Writing blog posts on blogs about blogging was already tiresome many years ago (even though I’m doing it again now and I first did it from pretty much my first post on this regularly re-transformed blog over 7 years ago). Given all that’s happened to me in my life since then, this blog – far less frequently visited and tended as it is – is in someways more valid to my reality now than some deeply held understandings/assumptions I had less than 12 months ago.
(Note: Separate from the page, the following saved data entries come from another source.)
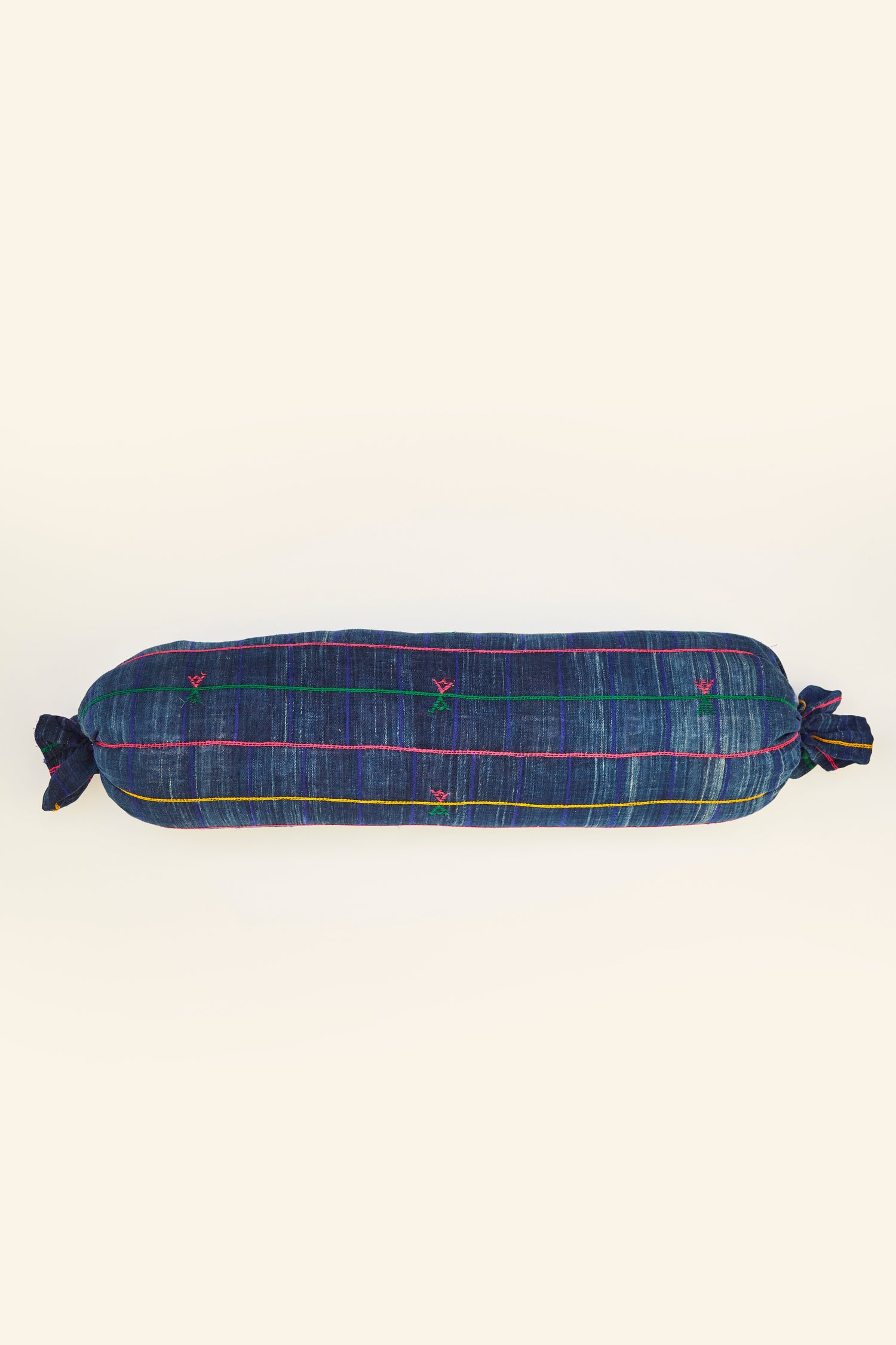 Almohadón de estilo rulo en tela de color índigo con rayas de colores antigua africana.
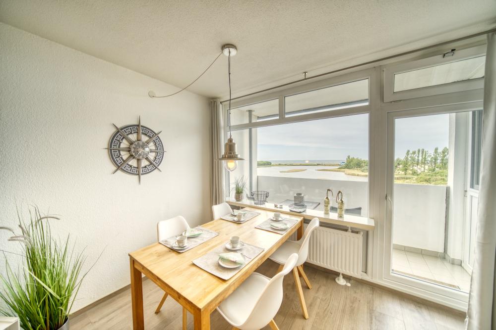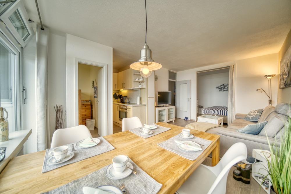 Die Wohnung verfügt über einen Schlafraum mit Boxspringbett (160x200 cm) sowie ein separates Schlafzimmer mit Etagenbett. Das Wohn-Esszimmer ist mit Ecksofa, Flachbild-TV und Esstisch ausgestattet und bietet direkten Zugang zum Balkon.
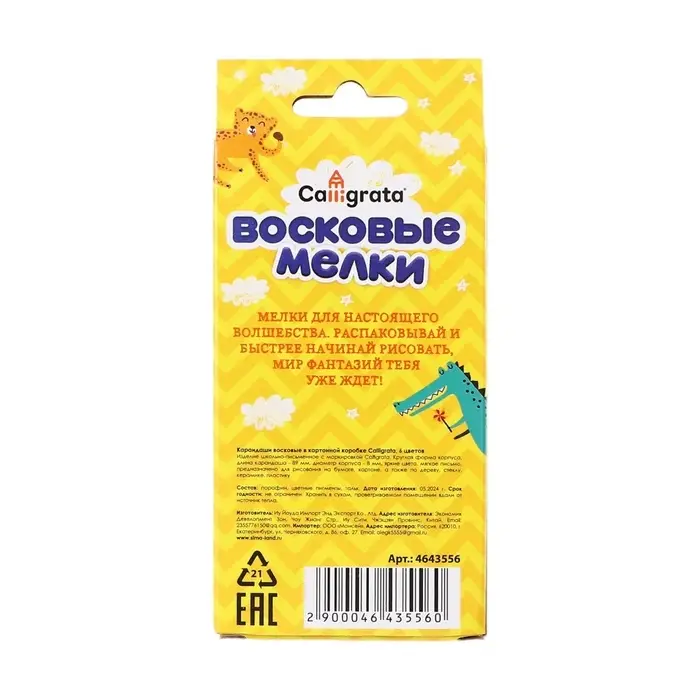 Мелки восковые 6 цветов, 93×8 мм, Calligrata, в картонной коробке
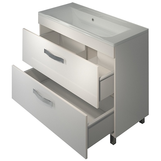 - тумба под раковину: выдвижные ящики, металлические ручки, ножки.
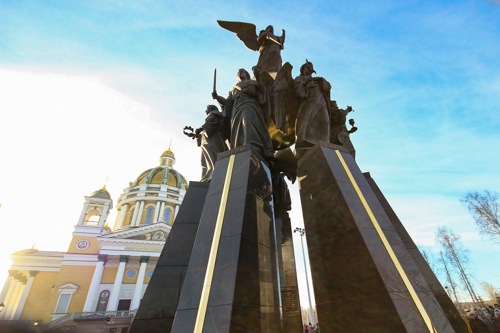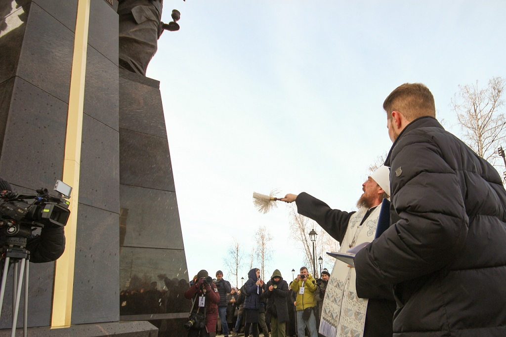 Митрополит Челябинский и Миасский Алексий совершил молебен, а затем освятил монумент. В слове к участникам торжества он назвал совершившееся событие напоминанием о том, что Небесные Силы «стоят на защите нашего Отечества, нашего города и наших людей». «Удивительный памятник еще на этапе создания привлекал внимание горожан, и сейчас он, безусловно, станет новым символом города, местом притяжения челябинцев», – сказал архипастырь.
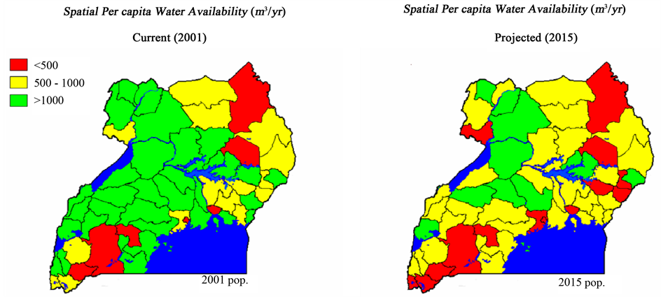 Despite Uganda’s significant water resources, their spatial and temporal variability often renders many parts of the country water stressed over long periods of the year. Water resource management sub-sector reform study of 2004 showed that, districts in the north-eastern and south-western parts of the country have the least per capita water availability. The study also reveals that by 2015 more than 75% of the country will be water stressed (Figure 3). The methodology used in computing the water availability only considers the runoff generated within each district. It is used here to give a picture of the average yield of major catchments in Uganda.
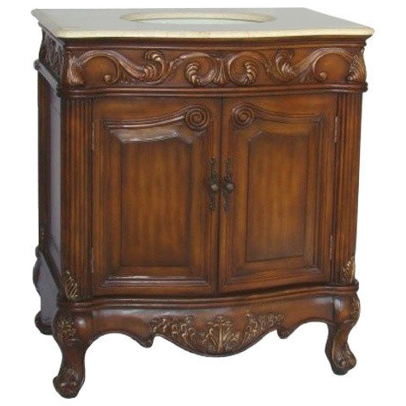 -Weight: 95lbsTransform your bathroom with the exquisite 32 inch antique white Fiesta bathroom sink vanity. This carefully handcrafted piece adds a luxurious appearance to your bath, boasting an extraordinary custom look. The simple carved trim enhances the antique feel of the furniture, making it a timeless addition to your home.
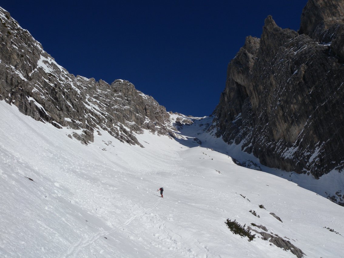 Schönes, steiles Kar, durch das man zum Jauzkopf aufsteigt. Ab der Scharte kann man auch weiter zum Kuchelnieder gehen und kann von dort auf einem Steig auf das Birnhorn, 2634 m klettern. Der Karanstieg ist südseitig und man geht meistens in der Sonne. Gesamt eine tolle Steilkar-Skitour, bei der ein flacher Querweg das Gesamterlebnis nicht stört. Die Tour ist eher etwas für erfahrene Skitourengeher, welche die Gegebenheiten in steilen Flanken gut beurteilen können.
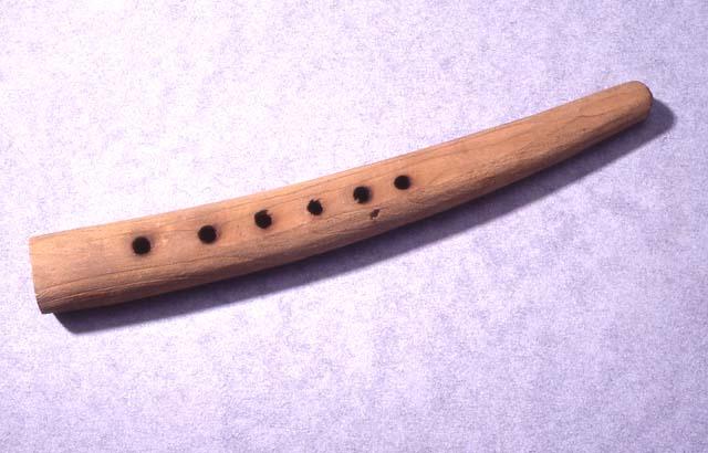 Käyrä, puusta tehty sarven mallinen soitin, joka on jäänyt keskentekoiseksi. Poraus todennäköisesti tehty ensin poralla, minkä jälkeen sitä on laajennettu ainakin poltinraudalla. Sormiaukkoja on 6.
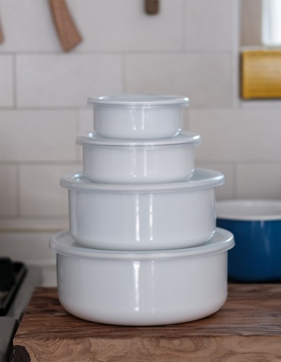 사이즈에 따라 다양한 용도로 활용이 가능한 법랑 화이트 시리즈 원형 용기
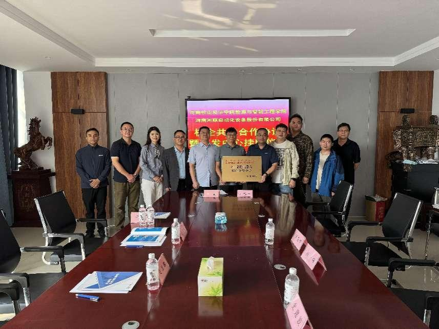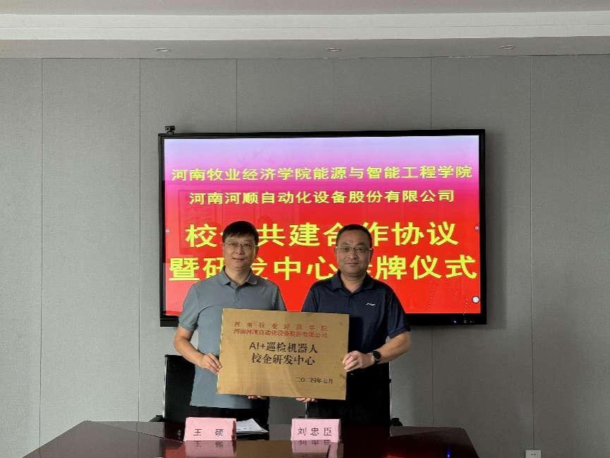 9月27日,学院党委书记赵贺然、院长王硕、科技处副处长史岳鹏及教师代表一行,应邀前往河南河顺自动化设备股份有限公司,隆重举行“AI+巡检机器人校企研发中心”挂牌仪式,并就下一步校企合作工作举行座谈交流。
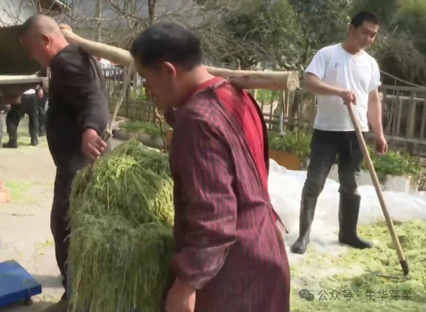 收购的芽菜已经全部入池,等待下一步加工。此时距离美味芽菜端上我们的餐桌至少还需要半年的腌渍和十余道加工工序~
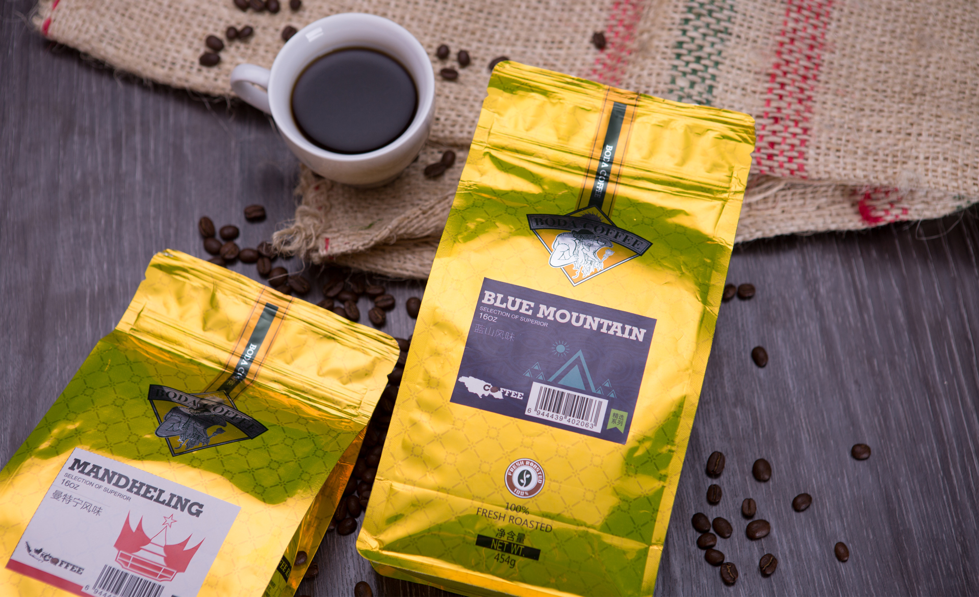 博達咖啡主打輕奢進口的咖啡粉,咖啡豆均源自牙買加,墨西哥,古巴,夏威夷等盛產咖啡豆的地方,其品類多且臻貴,是一個集融合全球81種臻稀咖啡品質的咖啡品牌。和與德結合全球咖啡豆產源地的自然和人文特色,作為包裝的主要設計亮點,其顏色也根據地區特色進行分類,整體包裝質感高級,特色鮮明。
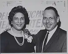 Motley was elected on February 4, 1964, to the New York State Senate (21st district), to fill the vacancy caused by the election of James Lopez Watson to the New York City Civil Court.[18] She was the first African American woman to sit in the State Senate. She took her seat in the 174th New York State Legislature, was re-elected in November 1964 to the 175th New York State Legislature, and resigned her seat when she was chosen as the first woman as Manhattan Borough President on February 23, 1965, after her predecessor was elected to a state judicial position.[19] In November 1965, she was elected to a full four-year term. J. Raymond Jones was influential in helping her reach these positions.[20]
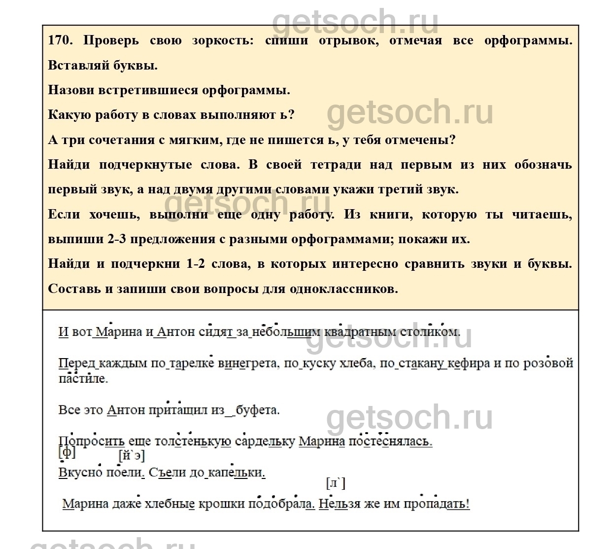 Рассмотрим ответы на Упражнение 170 из учебника по русскому языку для 2 класса Соловейчик

Anyway, I guess the fact this the first thing I’ve posted on this blog in over a month – by far the longest gap I’ve had in the 7+ years I’ve being writing things here – speaks for itself. Perhaps the main reason why I decided to explore blogging in the first place was because of the potential for direct feedback and conversation from others within the general public. Whilst I appreciate those who take the time to comment on the posts I still occasionally do on this blog (although some of those comments still seem to bare little relation to what I have written or the issues I’ve raised in those posts), Facebook (and to a lesser extent Twitter) tends to provide much richer, more instantaneous comment threads from a wider range of people in response to links or comments which take me 20 words and 30 seconds to write. And it’s the genuine conversation, explanation, reflection and insight which I’ve always felt was the most potentially valuable and interesting aspects of blogging.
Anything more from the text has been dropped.